◆ **DIRECTIONS FOR THIS TASK**
The answer is to be the data that follows, transcribed exactly, minus its pictures.

◆ **DATA TO EXAMINE**
┄┄┄┄┄┄┄┄┄┄
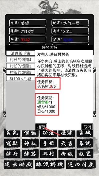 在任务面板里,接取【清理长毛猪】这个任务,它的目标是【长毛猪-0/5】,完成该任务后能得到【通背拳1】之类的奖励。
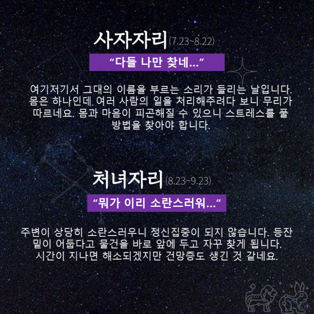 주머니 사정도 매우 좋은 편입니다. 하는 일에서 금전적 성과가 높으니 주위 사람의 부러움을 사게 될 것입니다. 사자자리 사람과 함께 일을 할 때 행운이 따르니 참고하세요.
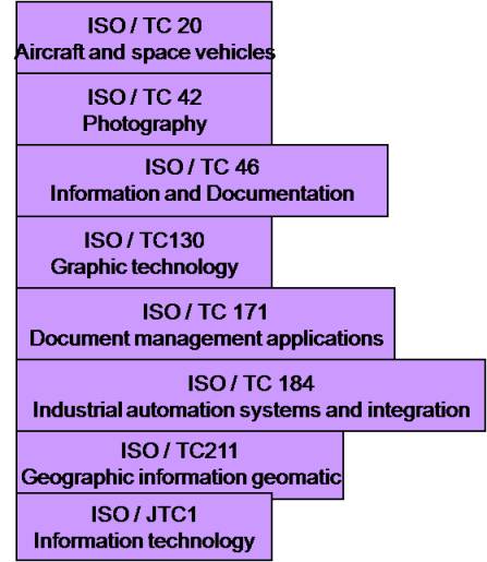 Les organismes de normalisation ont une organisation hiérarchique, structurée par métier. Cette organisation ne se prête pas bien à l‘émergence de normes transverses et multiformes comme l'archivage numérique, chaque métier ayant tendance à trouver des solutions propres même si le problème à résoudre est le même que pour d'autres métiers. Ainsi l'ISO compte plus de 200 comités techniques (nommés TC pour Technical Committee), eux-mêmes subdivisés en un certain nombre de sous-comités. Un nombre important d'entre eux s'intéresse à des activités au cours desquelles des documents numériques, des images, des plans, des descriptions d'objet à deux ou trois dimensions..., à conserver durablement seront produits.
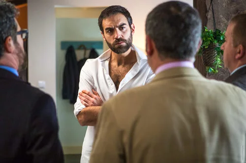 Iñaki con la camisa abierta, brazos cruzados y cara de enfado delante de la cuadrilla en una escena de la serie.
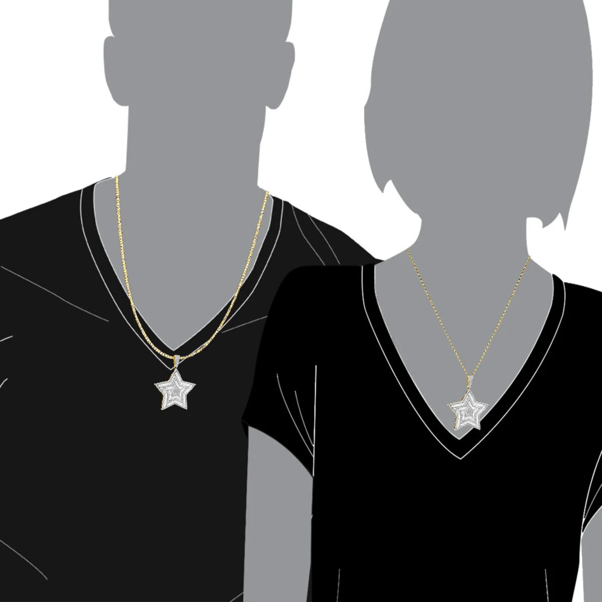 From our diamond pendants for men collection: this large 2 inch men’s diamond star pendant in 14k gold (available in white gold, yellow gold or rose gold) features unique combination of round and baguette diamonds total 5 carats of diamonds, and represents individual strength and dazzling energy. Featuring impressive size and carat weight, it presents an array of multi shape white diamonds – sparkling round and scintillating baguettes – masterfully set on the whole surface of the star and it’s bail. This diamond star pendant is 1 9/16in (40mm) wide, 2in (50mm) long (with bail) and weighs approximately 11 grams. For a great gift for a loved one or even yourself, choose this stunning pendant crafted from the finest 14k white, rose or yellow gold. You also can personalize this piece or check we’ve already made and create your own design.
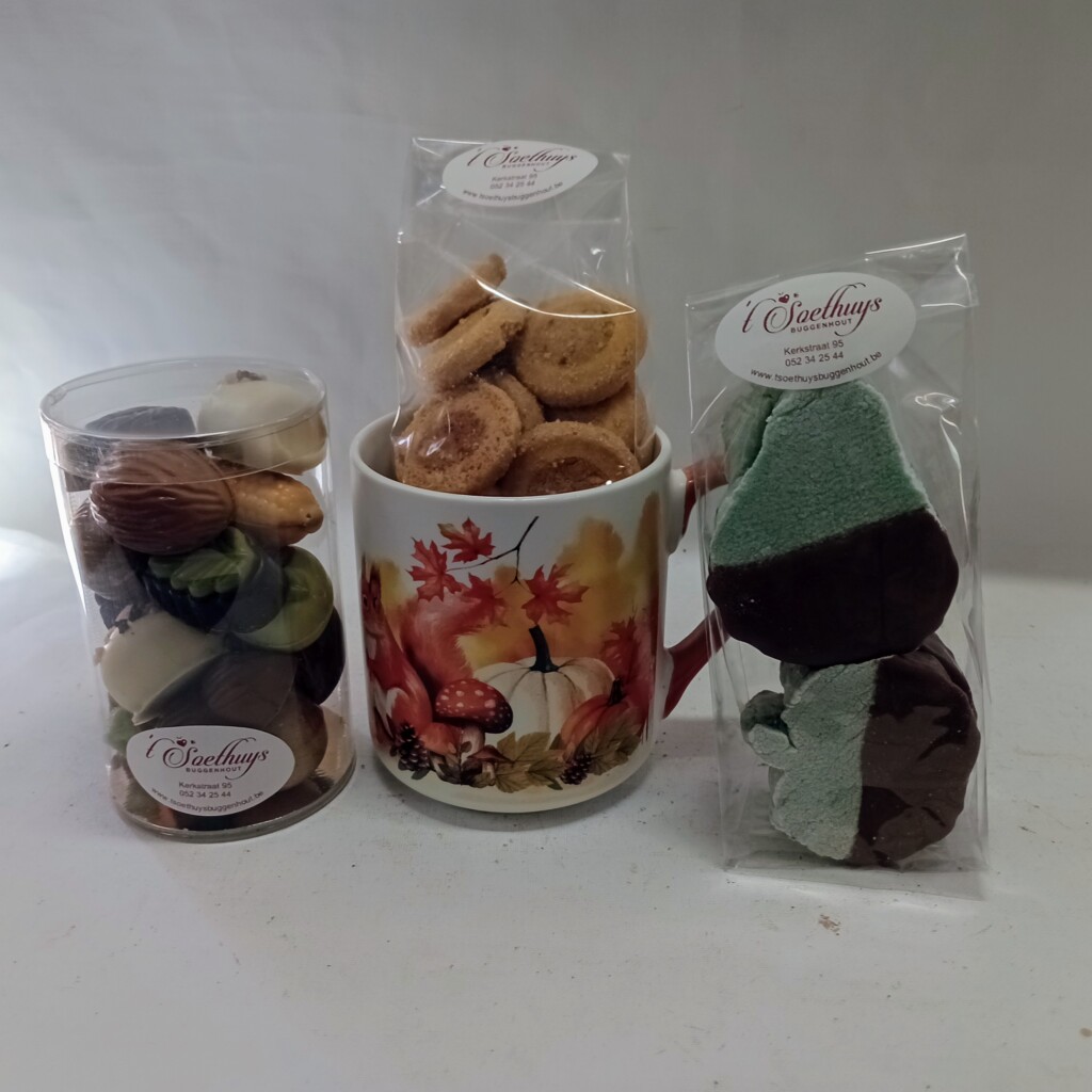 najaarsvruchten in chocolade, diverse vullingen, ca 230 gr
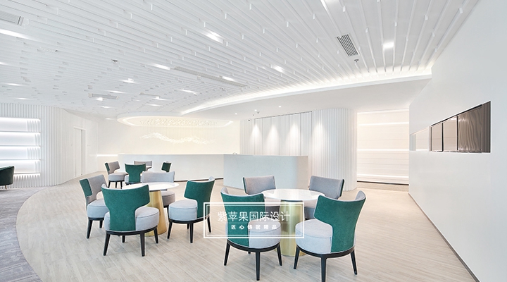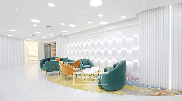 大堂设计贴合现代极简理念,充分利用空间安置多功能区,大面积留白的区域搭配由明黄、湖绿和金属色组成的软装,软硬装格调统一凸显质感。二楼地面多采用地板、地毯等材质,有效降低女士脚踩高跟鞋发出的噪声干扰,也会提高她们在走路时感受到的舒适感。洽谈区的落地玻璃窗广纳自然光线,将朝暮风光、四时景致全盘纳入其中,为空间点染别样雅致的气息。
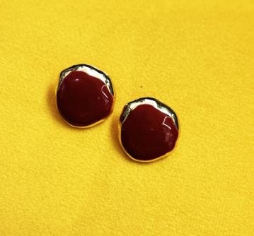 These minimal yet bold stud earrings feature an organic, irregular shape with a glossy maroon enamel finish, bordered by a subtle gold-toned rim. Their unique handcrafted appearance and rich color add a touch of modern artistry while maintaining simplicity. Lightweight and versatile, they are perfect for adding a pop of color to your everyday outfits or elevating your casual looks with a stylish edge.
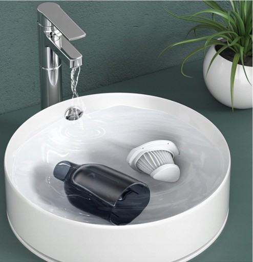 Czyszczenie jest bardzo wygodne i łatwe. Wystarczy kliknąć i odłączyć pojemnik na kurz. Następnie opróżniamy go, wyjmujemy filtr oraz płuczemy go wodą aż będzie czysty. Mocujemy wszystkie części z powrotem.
┄┄┄┄┄┄┄┄┄┄
◆ **ANSWER FOR THIS EXERCISE**
 在任务面板里,接取【清理长毛猪】这个任务,它的目标是【长毛猪-0/5】,完成该任务后能得到【通背拳1】之类的奖励。
 주머니 사정도 매우 좋은 편입니다. 하는 일에서 금전적 성과가 높으니 주위 사람의 부러움을 사게 될 것입니다. 사자자리 사람과 함께 일을 할 때 행운이 따르니 참고하세요.
 Les organismes de normalisation ont une organisation hiérarchique, structurée par métier. Cette organisation ne se prête pas bien à l‘émergence de normes transverses et multiformes comme l'archivage numérique, chaque métier ayant tendance à trouver des solutions propres même si le problème à résoudre est le même que pour d'autres métiers. Ainsi l'ISO compte plus de 200 comités techniques (nommés TC pour Technical Committee), eux-mêmes subdivisés en un certain nombre de sous-comités. Un nombre important d'entre eux s'intéresse à des activités au cours desquelles des documents numériques, des images, des plans, des descriptions d'objet à deux ou trois dimensions..., à conserver durablement seront produits.
 Iñaki con la camisa abierta, brazos cruzados y cara de enfado delante de la cuadrilla en una escena de la serie.
 From our diamond pendants for men collection: this large 2 inch men’s diamond star pendant in 14k gold (available in white gold, yellow gold or rose gold) features unique combination of round and baguette diamonds total 5 carats of diamonds, and represents individual strength and dazzling energy. Featuring impressive size and carat weight, it presents an array of multi shape white diamonds – sparkling round and scintillating baguettes – masterfully set on the whole surface of the star and it’s bail. This diamond star pendant is 1 9/16in (40mm) wide, 2in (50mm) long (with bail) and weighs approximately 11 grams. For a great gift for a loved one or even yourself, choose this stunning pendant crafted from the finest 14k white, rose or yellow gold. You also can personalize this piece or check we’ve already made and create your own design.
 najaarsvruchten in chocolade, diverse vullingen, ca 230 gr
 大堂设计贴合现代极简理念,充分利用空间安置多功能区,大面积留白的区域搭配由明黄、湖绿和金属色组成的软装,软硬装格调统一凸显质感。二楼地面多采用地板、地毯等材质,有效降低女士脚踩高跟鞋发出的噪声干扰,也会提高她们在走路时感受到的舒适感。洽谈区的落地玻璃窗广纳自然光线,将朝暮风光、四时景致全盘纳入其中,为空间点染别样雅致的气息。
 These minimal yet bold stud earrings feature an organic, irregular shape with a glossy maroon enamel finish, bordered by a subtle gold-toned rim. Their unique handcrafted appearance and rich color add a touch of modern artistry while maintaining simplicity. Lightweight and versatile, they are perfect for adding a pop of color to your everyday outfits or elevating your casual looks with a stylish edge.
 Czyszczenie jest bardzo wygodne i łatwe. Wystarczy kliknąć i odłączyć pojemnik na kurz. Następnie opróżniamy go, wyjmujemy filtr oraz płuczemy go wodą aż będzie czysty. Mocujemy wszystkie części z powrotem.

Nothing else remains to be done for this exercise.